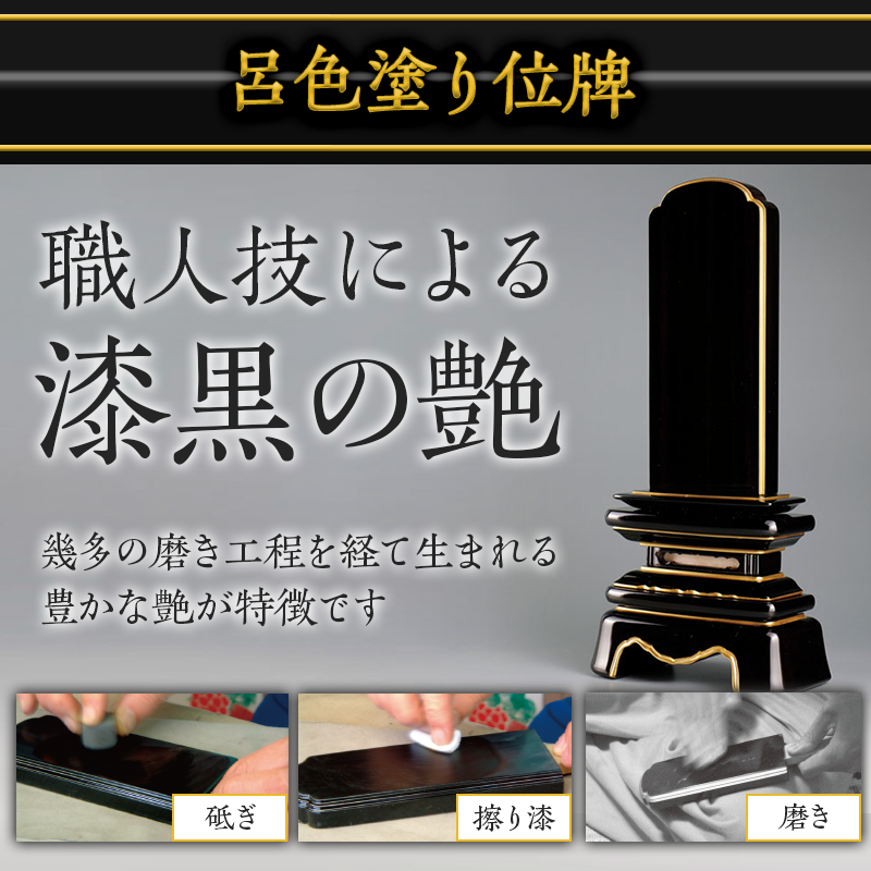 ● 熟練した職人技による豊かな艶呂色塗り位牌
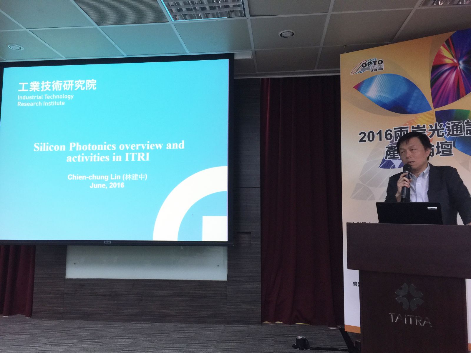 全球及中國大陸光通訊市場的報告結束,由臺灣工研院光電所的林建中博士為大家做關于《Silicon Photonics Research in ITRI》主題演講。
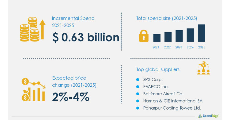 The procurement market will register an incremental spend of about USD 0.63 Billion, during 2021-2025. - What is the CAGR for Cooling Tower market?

* * *

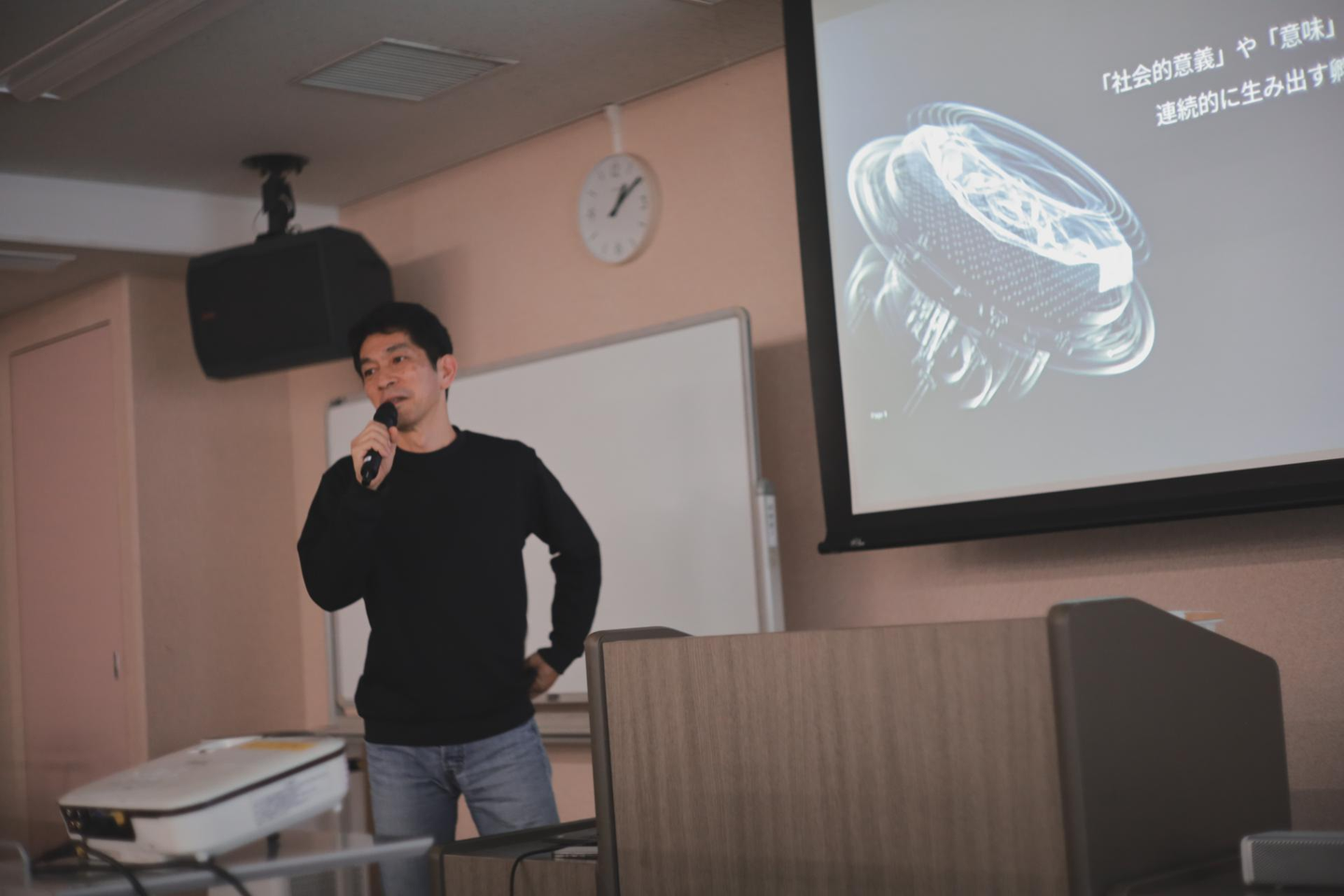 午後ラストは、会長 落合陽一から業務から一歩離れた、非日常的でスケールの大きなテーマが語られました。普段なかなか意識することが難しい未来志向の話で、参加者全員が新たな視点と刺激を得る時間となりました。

Work instruction. Every line above from the one with "Research in ITRI》主題演講。" down to the one with "The procurement market" must be written out exactly, and no picture may appear.

Exercise solution.
 全球及中國大陸光通訊市場的報告結束,由臺灣工研院光電所的林建中博士為大家做關于《Silicon Photonics Research in ITRI》主題演講。
 The procurement market will register an incremental spend of about USD 0.63 Billion, during 2021-2025. - What is the CAGR for Cooling Tower market?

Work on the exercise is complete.